Problem number 4:  Subsection B (which houses the cap-lifting requirements) “shall be applied in a jury trial only after the trier of fact has made its factual findings and determinations as to the amount of the plaintiff’s damages”.  That’s all well and good, but how will this work with claims of punitive damages (the wordings for which are somewhat similar to wording of the standards noted above, but are not the same)?  A jury won’t be able to determine the amounts of actual damages until it has been sent out and has decided the above questions.  Then, if it does find one of the categories, it then has to decide the amount of actual damages to award.  But the fun does not stop there – after it makes one of the findings above, the jury has to be sent back out to decide whether or not to award punitive damages, under seemingly similar (but technically different)  set of criteria, setting the stage for nearly-unavoidable jury confusion.

And as if those problems were not enough, the bill also says the jury will answer “special interrogatories” (the form and wording for which was of course not supplied).  There go years of appeals on that question alone. And lastly, these restrictions do not apply to wrongful death actions (which are governed by 12 O.S. 1053).  So if you’re going to be negligent, apparently you’re economically better off not killing somebody in the process.

The next bit of reform is found in Senate Bill 862.   This bill eliminates the doctrine of joint and several liability, which (in some form) had basically provided that if you were hurt and it was the fault of more than one person or entity, you could collect everything from either of them, regardless of which was most at fault.  However under this new bill, you only pay for your own share of the damages.  This has its own interesting ramifications — it provides that in a claim based on fault, you are responsible for only your percentage of fault.  But again – this applies ONLY to actions based on fault.  Note that product liability claims are not based on fault.  Therefore the law will continue to be that even a product is found to be only if 1% responsible for an injury, the manufacturer will pay 100% of the damages. Not exactly music to the ears of a manufacturer.

Last, and perhaps most confusingly, Senate Bill 865 provides that the jury shall be instructed that awards are not taxable.

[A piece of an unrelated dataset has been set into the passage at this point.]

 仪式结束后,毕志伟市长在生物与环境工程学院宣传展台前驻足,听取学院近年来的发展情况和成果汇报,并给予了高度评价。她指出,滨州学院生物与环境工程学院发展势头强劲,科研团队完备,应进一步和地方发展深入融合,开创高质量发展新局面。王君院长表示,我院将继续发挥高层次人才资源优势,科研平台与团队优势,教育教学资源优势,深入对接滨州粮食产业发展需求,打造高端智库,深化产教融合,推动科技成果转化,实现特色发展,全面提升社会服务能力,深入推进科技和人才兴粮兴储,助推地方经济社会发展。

This was designed to prevent a jury from awarding more in damages to cover what they thought would be taxes.  One big problem is that the IRS has already decided that punitive damage awards ARE taxable.  Thus judges are in the unenviable position of being ordered by law to instruct that damage awards are not taxable, when in fact part of such an award may be.  (Appellate lawyers, start your engines.)   Frankly I’m not sure how much of a problem this was, but it sure is one now.

The Bottom Line?

First, the apparent winners here appear to be insurance companies, doctors, hospitals and larger business that are typically involved in larger-damage and injury cases.  Manufacturers seem to have lost big (being shut out of the application of the new “joint and several liability” bill), but also have won something, as there will be a hard cap on non-economic damages they can look forward to.

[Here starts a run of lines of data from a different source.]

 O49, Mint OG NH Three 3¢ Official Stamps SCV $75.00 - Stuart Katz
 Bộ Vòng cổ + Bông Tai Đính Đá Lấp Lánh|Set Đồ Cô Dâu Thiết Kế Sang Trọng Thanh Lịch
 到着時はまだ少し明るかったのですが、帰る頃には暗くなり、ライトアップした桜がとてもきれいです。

Second, these bills will have no effect on “nuisance” or “frivolous” lawsuits, which are almost always relatively small and thus will not approach the cap limitations.

Third, those who have little economic damage but serious pain and suffering will be undercompensated (for example: anyone with little or no income and a brain injury/paralysis – housewife or senior citizen).

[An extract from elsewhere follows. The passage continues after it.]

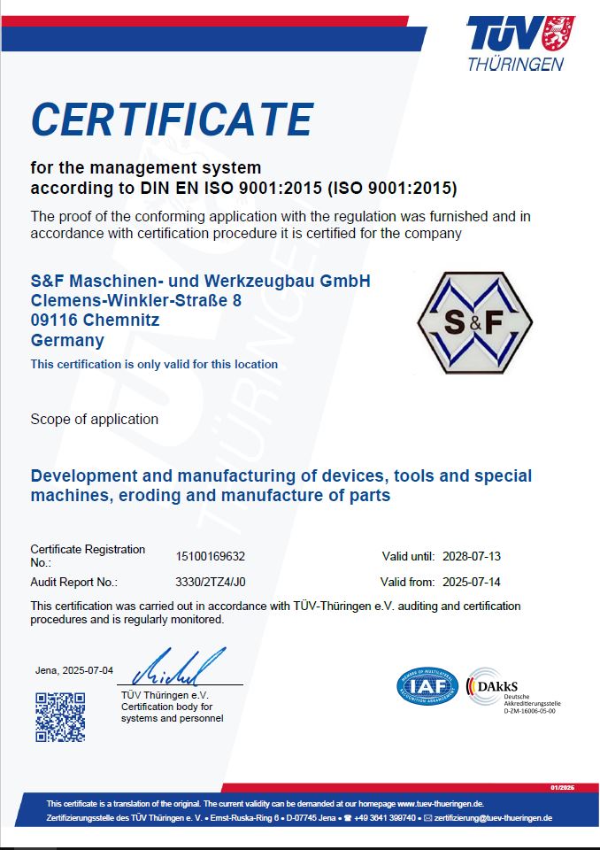 The Internet pages of the S&F Maschinen- und Werkzeugbau GmbH use cookies. Cookies are text files that are stored in a computer system via an Internet browser.

Note that these bills will be attacked in the courts on several fronts, including constitutionality (likely on separation of powers, don’t equally apply to all types of cases, etc.).  The failure to account for product liability claims in the severability of responsibility will be a problem as well, as will be the procedure for lifting the cap as it meshes with the punitive damages statute.  The latter will befuddle judges statewide, and it will be interesting to see how such a procedure develops as well as how it is handled by the appellate courts.

One thing we can all look forward with certainty is years of appeals on several issues, as noted above.  And of course to a truckload of personal injury cases being filed on or before October 31.